Omit the pictures, please, and give each record below again exactly.

-- Supplied material follows --

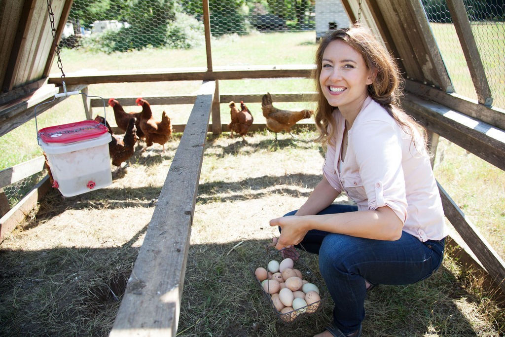 My favorite hack for raising happy healthy chickens is to raise them in a moveable coop. Chickens love to eat grass and insects. Allowing your chickens to eat grass and insects keeps them from getting bored and makes for tastier eggs. The yolks get so orange when they can forage. The other benefit is that they will fertilize your lawn for you while they are eating your insects and making the best eggs.
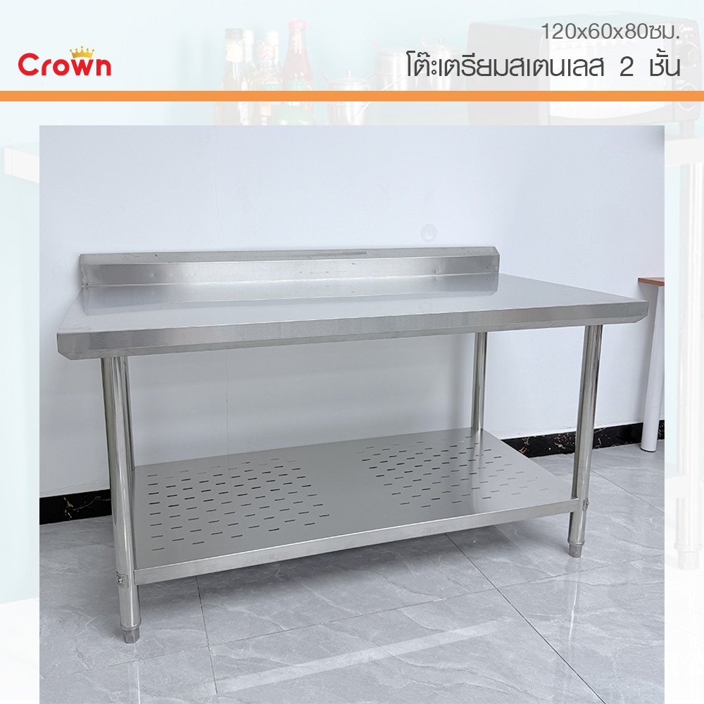 CROWN โต๊ะเตรียมสเตนเลส 2 ชั้น 150x60x80 ซม. NOELLE-SS304
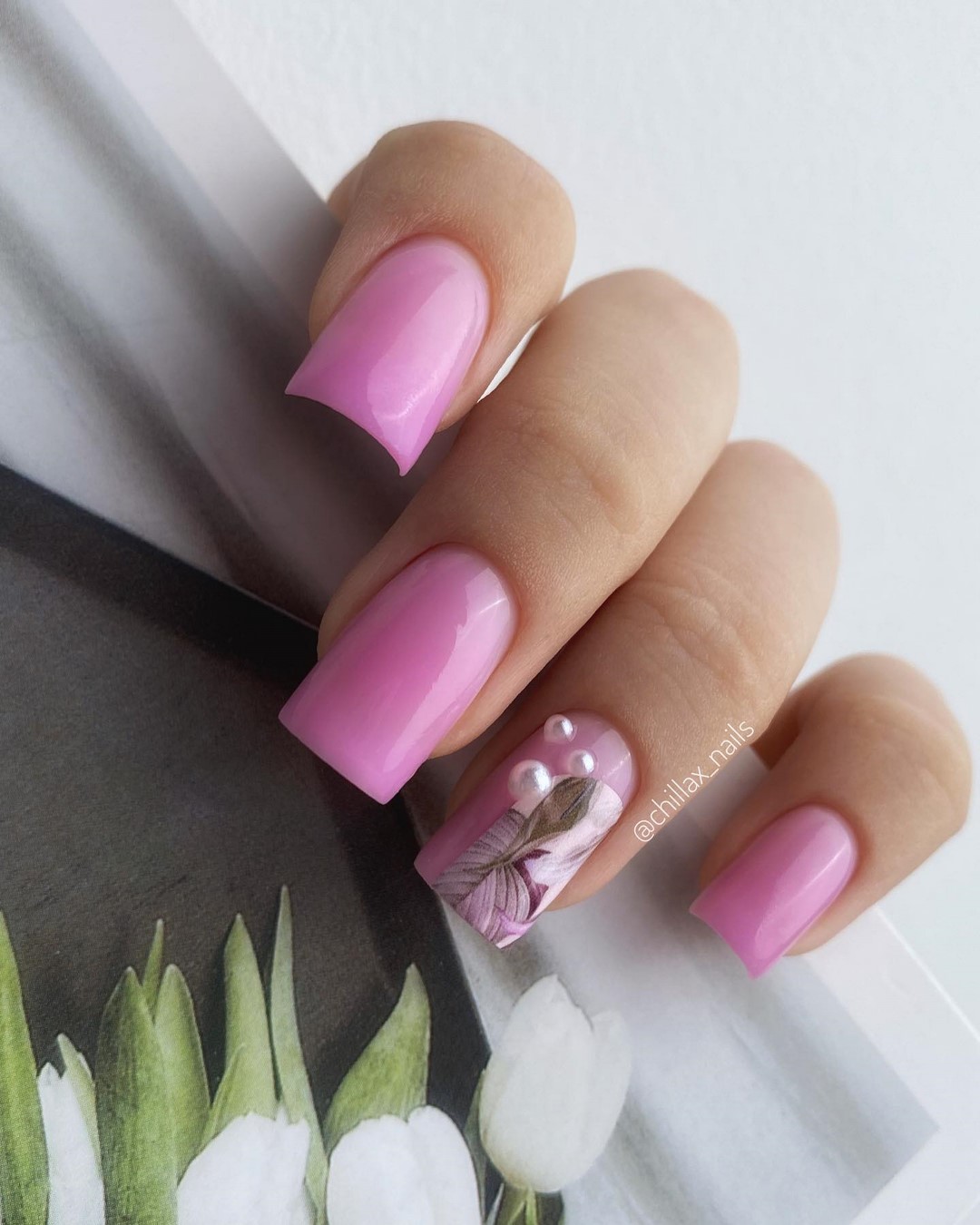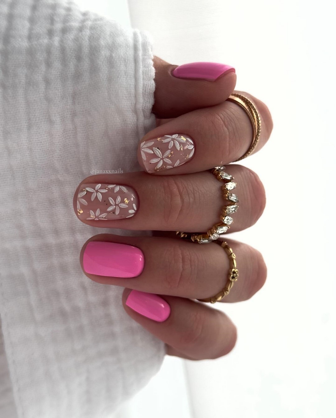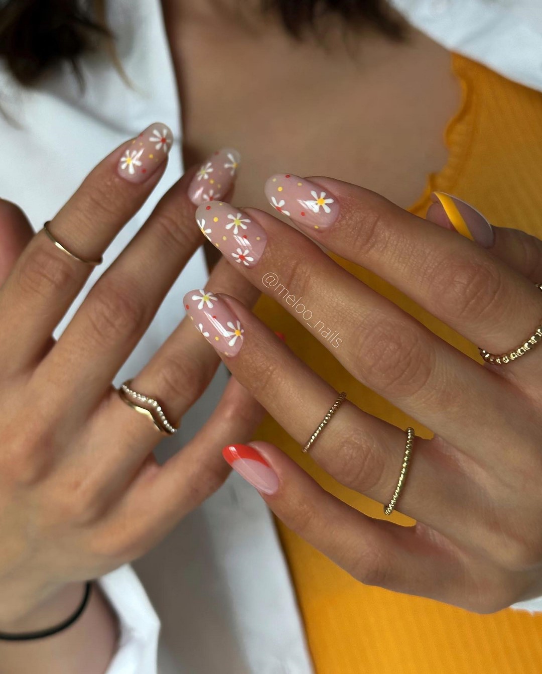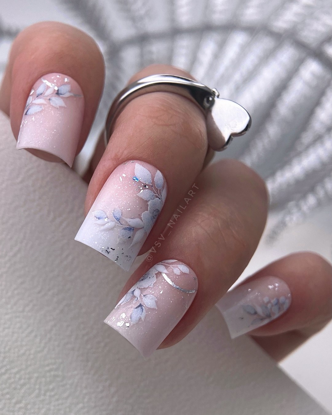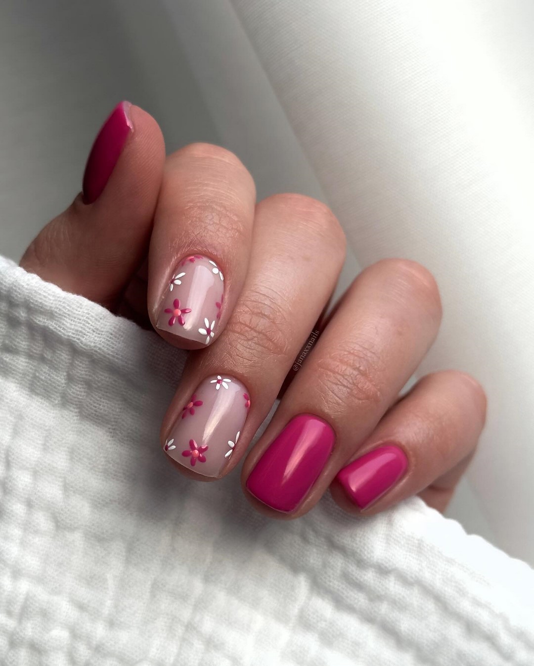 Цветочный маникюр остается фаворитом теплого сезона, добавляя образу нежности и романтики. В тренде как реалистичные рисунки с прорисовкой лепестков и бутонов, так и стилизованные минималистичные цветочные узоры. Популярны объемные 3D-декоры в виде мелких цветков, а также использование сухоцветов под прозрачным покрытием. Цветовая гамма варьируется от пастельных до насыщенных оттенков, подчеркивающих весеннее настроение.
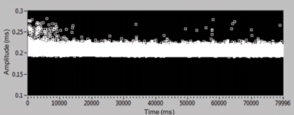 We also measured the latency in the communication of the CAN messages from the automotive HIL to the RTE. The measurement was essential to test that the system was successfully transferring CAN messages. The measurement results indicated that the time-delay of communication was around 0.2 ms as shown in Fig. 6. The mean of the communication delay based on several measurements is found to be 0.2057 ms with a minimum delay of 0.1913 ms and a maximum delay of 0.3898 ms.
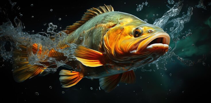 A shimmering goldfish gracefully glides through the clear blue waters of its aquarium, its delicate fins propelling it forward in a mesmerizing display of marine biology
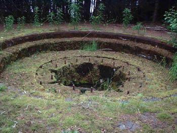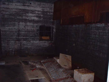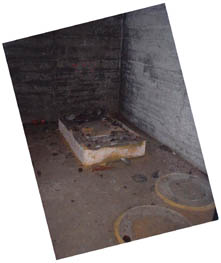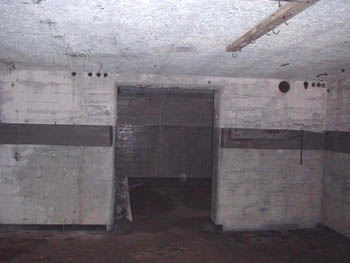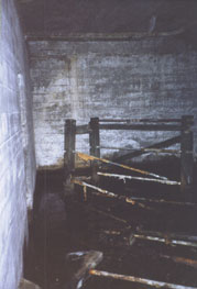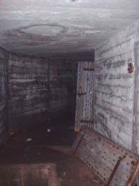Just inside the rear entrance of Battery 292 is a shaft that drops 11 feet to a lower level of the magazine. There are three rooms in the lower level. |
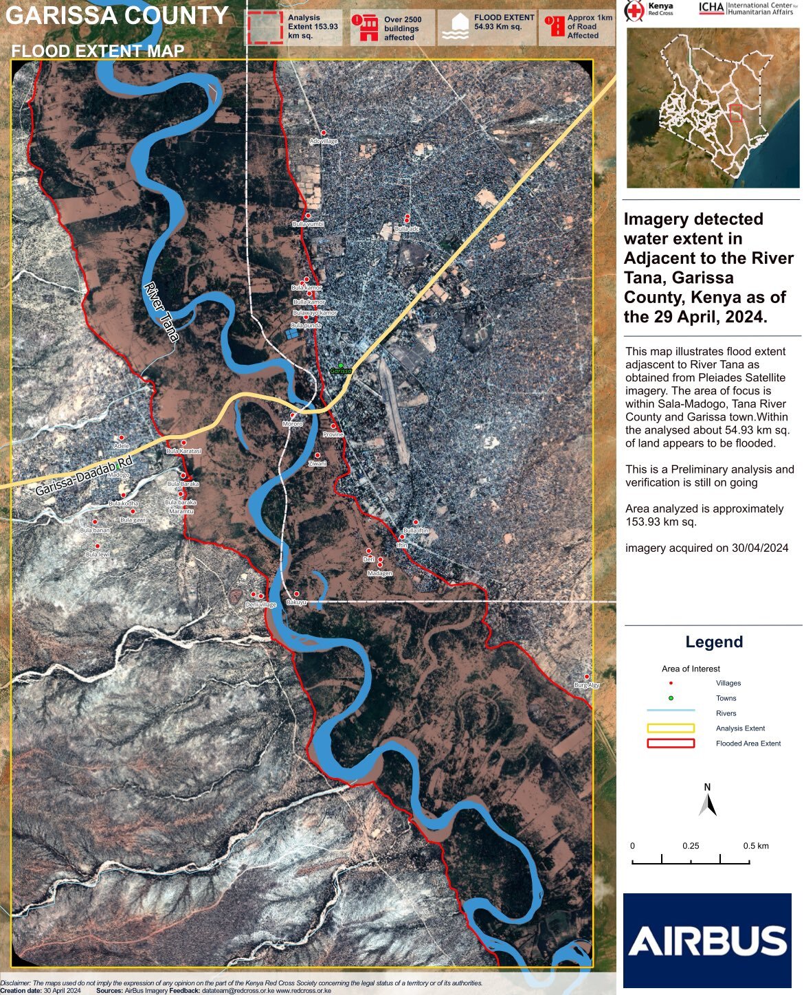 Analysis of satellite imagery showing expansive farmlands under water and livelihoods lost. Thus, an increase in the displaced population between April 15th & April 30th. The total number of households displaced in Garissa has exceeded 16,000. Most affected areas include Mororo, Ziwani, Bula punda, Deri, Madagen, Bakuyu, Iftini and Provine. The recovery period will be longer than the rain season.
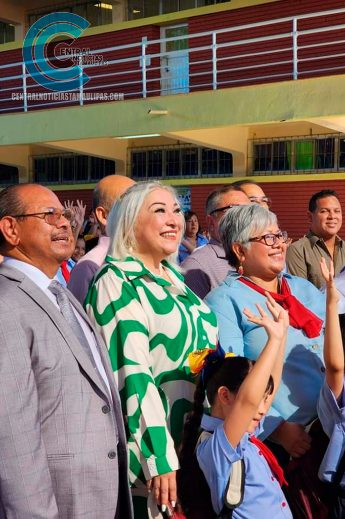 Matamoros, Tamaulipas – Este lunes, la Escuela Primaria “Adalberto J. Arguelles” fue sede de la ceremonia de inicio del ciclo escolar 2024-2025, evento que contó con la presencia de la Secretaría de Finanzas del Estado en representación del gobernador Américo Villarreal Anaya. Con un discurso cargado de entusiasmo y cercanía, la tesorera estatal compartió el mensaje del mandatario, subrayando el compromiso de su administración con una educación inclusiva y de calidad para todos los tamaulipecos.

-- Supplied material concluded --

- _Response to this exercise_
 My favorite hack for raising happy healthy chickens is to raise them in a moveable coop. Chickens love to eat grass and insects. Allowing your chickens to eat grass and insects keeps them from getting bored and makes for tastier eggs. The yolks get so orange when they can forage. The other benefit is that they will fertilize your lawn for you while they are eating your insects and making the best eggs.
 CROWN โต๊ะเตรียมสเตนเลส 2 ชั้น 150x60x80 ซม. NOELLE-SS304
 Цветочный маникюр остается фаворитом теплого сезона, добавляя образу нежности и романтики. В тренде как реалистичные рисунки с прорисовкой лепестков и бутонов, так и стилизованные минималистичные цветочные узоры. Популярны объемные 3D-декоры в виде мелких цветков, а также использование сухоцветов под прозрачным покрытием. Цветовая гамма варьируется от пастельных до насыщенных оттенков, подчеркивающих весеннее настроение.
 We also measured the latency in the communication of the CAN messages from the automotive HIL to the RTE. The measurement was essential to test that the system was successfully transferring CAN messages. The measurement results indicated that the time-delay of communication was around 0.2 ms as shown in Fig. 6. The mean of the communication delay based on several measurements is found to be 0.2057 ms with a minimum delay of 0.1913 ms and a maximum delay of 0.3898 ms.
 A shimmering goldfish gracefully glides through the clear blue waters of its aquarium, its delicate fins propelling it forward in a mesmerizing display of marine biology
Just inside the rear entrance of Battery 292 is a shaft that drops 11 feet to a lower level of the magazine. There are three rooms in the lower level. |
 Analysis of satellite imagery showing expansive farmlands under water and livelihoods lost. Thus, an increase in the displaced population between April 15th & April 30th. The total number of households displaced in Garissa has exceeded 16,000. Most affected areas include Mororo, Ziwani, Bula punda, Deri, Madagen, Bakuyu, Iftini and Provine. The recovery period will be longer than the rain season.
 Matamoros, Tamaulipas – Este lunes, la Escuela Primaria “Adalberto J. Arguelles” fue sede de la ceremonia de inicio del ciclo escolar 2024-2025, evento que contó con la presencia de la Secretaría de Finanzas del Estado en representación del gobernador Américo Villarreal Anaya. Con un discurso cargado de entusiasmo y cercanía, la tesorera estatal compartió el mensaje del mandatario, subrayando el compromiso de su administración con una educación inclusiva y de calidad para todos los tamaulipecos.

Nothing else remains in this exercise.